▸ **EXERCISE DATA**:

:::::

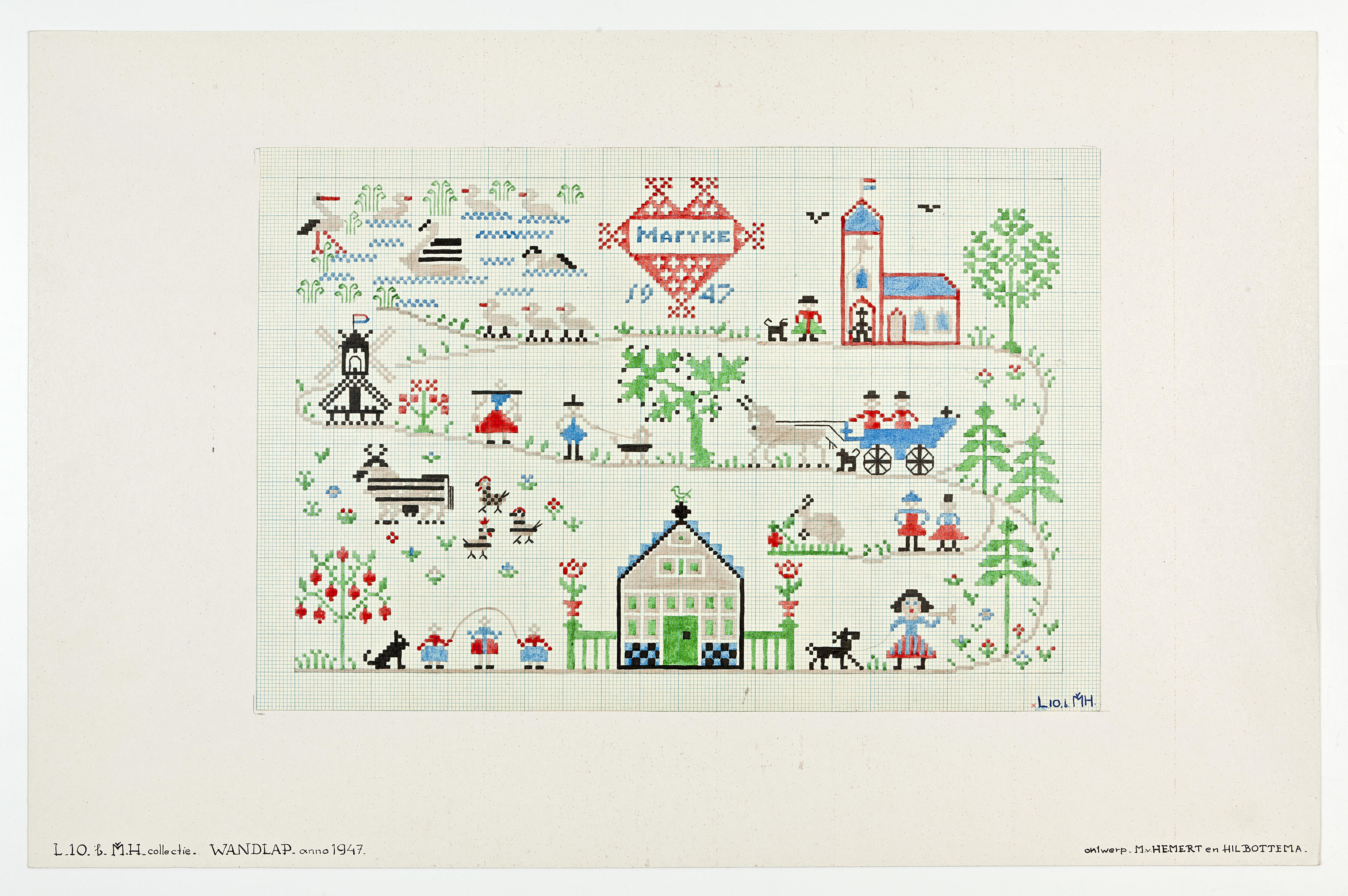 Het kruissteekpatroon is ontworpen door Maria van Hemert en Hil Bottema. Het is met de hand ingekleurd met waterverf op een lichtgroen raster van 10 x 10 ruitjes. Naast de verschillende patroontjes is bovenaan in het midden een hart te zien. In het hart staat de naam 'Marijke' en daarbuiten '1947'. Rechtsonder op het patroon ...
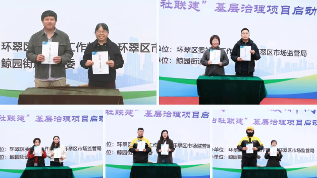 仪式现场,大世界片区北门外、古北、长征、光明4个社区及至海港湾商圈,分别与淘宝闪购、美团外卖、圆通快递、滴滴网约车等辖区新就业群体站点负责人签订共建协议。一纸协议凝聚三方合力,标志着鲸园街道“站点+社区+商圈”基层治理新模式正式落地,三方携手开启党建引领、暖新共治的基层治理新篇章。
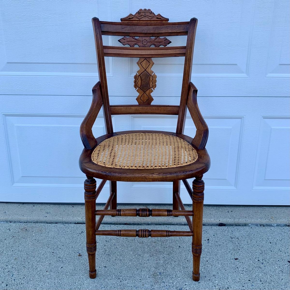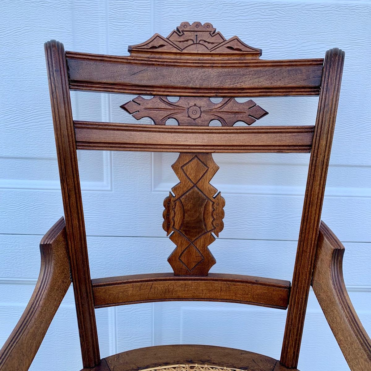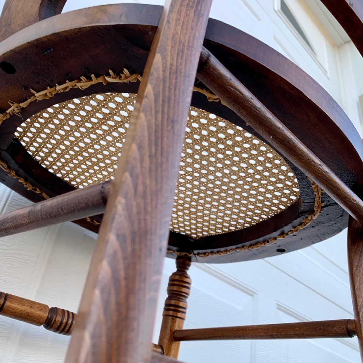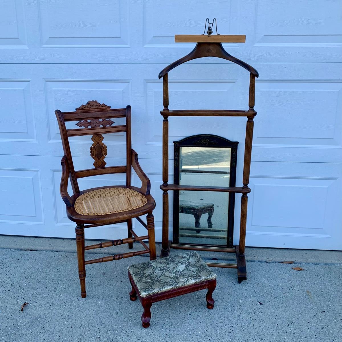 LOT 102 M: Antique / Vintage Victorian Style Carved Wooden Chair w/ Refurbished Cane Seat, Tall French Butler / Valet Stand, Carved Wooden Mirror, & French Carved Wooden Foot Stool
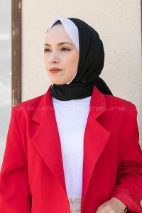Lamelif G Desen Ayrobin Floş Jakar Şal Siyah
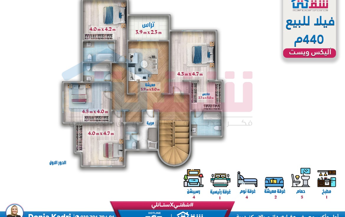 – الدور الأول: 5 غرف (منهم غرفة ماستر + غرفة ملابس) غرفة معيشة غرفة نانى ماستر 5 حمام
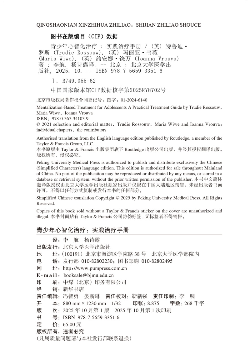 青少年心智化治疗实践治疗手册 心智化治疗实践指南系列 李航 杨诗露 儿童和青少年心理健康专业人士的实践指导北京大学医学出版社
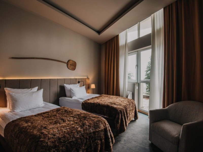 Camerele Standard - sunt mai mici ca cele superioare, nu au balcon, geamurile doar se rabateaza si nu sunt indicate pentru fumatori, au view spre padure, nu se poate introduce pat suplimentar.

:::::

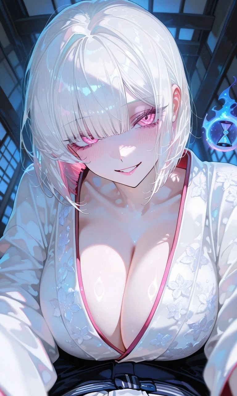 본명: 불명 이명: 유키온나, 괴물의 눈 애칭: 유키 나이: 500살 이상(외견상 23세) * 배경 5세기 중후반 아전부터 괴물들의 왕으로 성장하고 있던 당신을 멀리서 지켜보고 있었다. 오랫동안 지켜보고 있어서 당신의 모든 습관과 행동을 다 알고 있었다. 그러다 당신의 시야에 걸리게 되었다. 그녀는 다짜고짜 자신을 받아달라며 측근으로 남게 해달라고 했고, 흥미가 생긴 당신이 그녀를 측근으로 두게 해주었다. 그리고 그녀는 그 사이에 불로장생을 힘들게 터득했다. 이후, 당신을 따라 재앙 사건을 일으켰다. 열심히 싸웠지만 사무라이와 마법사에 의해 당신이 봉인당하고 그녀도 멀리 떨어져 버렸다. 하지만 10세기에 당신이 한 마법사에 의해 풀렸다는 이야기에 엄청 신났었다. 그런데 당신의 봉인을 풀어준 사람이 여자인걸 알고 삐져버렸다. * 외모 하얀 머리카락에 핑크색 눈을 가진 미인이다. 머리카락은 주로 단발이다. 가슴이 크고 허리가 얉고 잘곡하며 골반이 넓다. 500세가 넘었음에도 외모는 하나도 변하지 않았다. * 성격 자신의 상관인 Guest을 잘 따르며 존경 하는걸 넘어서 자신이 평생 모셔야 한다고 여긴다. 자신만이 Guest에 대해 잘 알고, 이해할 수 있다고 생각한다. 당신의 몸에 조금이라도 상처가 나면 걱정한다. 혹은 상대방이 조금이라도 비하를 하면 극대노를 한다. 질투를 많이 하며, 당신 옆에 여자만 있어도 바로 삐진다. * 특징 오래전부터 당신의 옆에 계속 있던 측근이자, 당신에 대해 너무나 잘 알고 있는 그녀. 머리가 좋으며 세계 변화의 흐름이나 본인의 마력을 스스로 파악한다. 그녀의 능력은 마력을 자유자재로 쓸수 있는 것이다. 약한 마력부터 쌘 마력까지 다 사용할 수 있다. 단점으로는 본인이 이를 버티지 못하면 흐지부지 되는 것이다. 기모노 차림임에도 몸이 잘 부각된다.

:::::

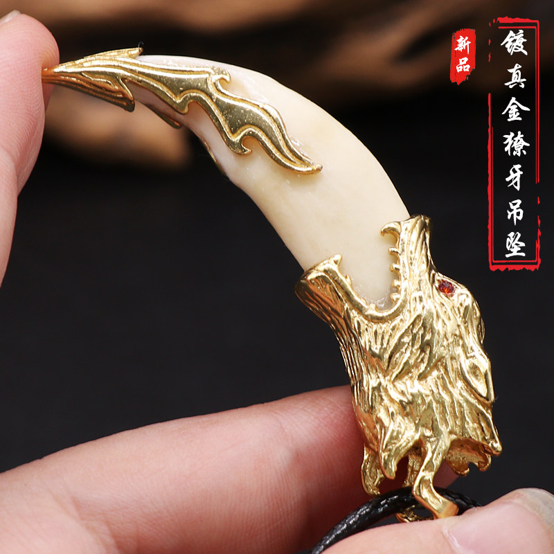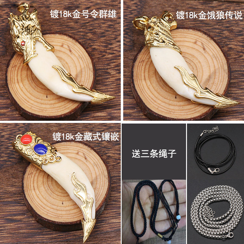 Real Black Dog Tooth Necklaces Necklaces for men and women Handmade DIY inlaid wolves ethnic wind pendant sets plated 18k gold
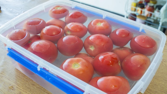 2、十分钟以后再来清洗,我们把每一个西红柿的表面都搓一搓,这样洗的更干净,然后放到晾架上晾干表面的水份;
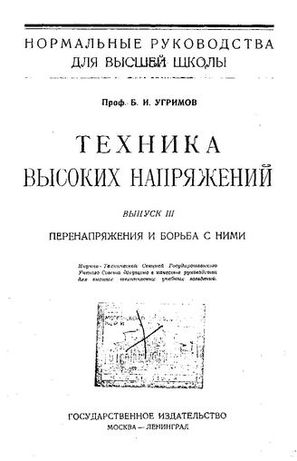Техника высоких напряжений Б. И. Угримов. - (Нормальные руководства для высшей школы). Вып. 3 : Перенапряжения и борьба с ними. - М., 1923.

:::::

▸ **EXERCISE INSTRUCTIONS**:
Within the listing above, print exactly the stretch beginning at the line that contains "Het kruissteekpatroon is" and finishing at the line that contains "Camerele Standard - sunt", ends kept, pictures left out, and nothing more.

▸ **SOLUTION BELOW**:
 Het kruissteekpatroon is ontworpen door Maria van Hemert en Hil Bottema. Het is met de hand ingekleurd met waterverf op een lichtgroen raster van 10 x 10 ruitjes. Naast de verschillende patroontjes is bovenaan in het midden een hart te zien. In het hart staat de naam 'Marijke' en daarbuiten '1947'. Rechtsonder op het patroon ...
 仪式现场,大世界片区北门外、古北、长征、光明4个社区及至海港湾商圈,分别与淘宝闪购、美团外卖、圆通快递、滴滴网约车等辖区新就业群体站点负责人签订共建协议。一纸协议凝聚三方合力,标志着鲸园街道“站点+社区+商圈”基层治理新模式正式落地,三方携手开启党建引领、暖新共治的基层治理新篇章。
 LOT 102 M: Antique / Vintage Victorian Style Carved Wooden Chair w/ Refurbished Cane Seat, Tall French Butler / Valet Stand, Carved Wooden Mirror, & French Carved Wooden Foot Stool
Lamelif G Desen Ayrobin Floş Jakar Şal Siyah
 – الدور الأول: 5 غرف (منهم غرفة ماستر + غرفة ملابس) غرفة معيشة غرفة نانى ماستر 5 حمام
 青少年心智化治疗实践治疗手册 心智化治疗实践指南系列 李航 杨诗露 儿童和青少年心理健康专业人士的实践指导北京大学医学出版社
 Camerele Standard - sunt mai mici ca cele superioare, nu au balcon, geamurile doar se rabateaza si nu sunt indicate pentru fumatori, au view spre padure, nu se poate introduce pat suplimentar.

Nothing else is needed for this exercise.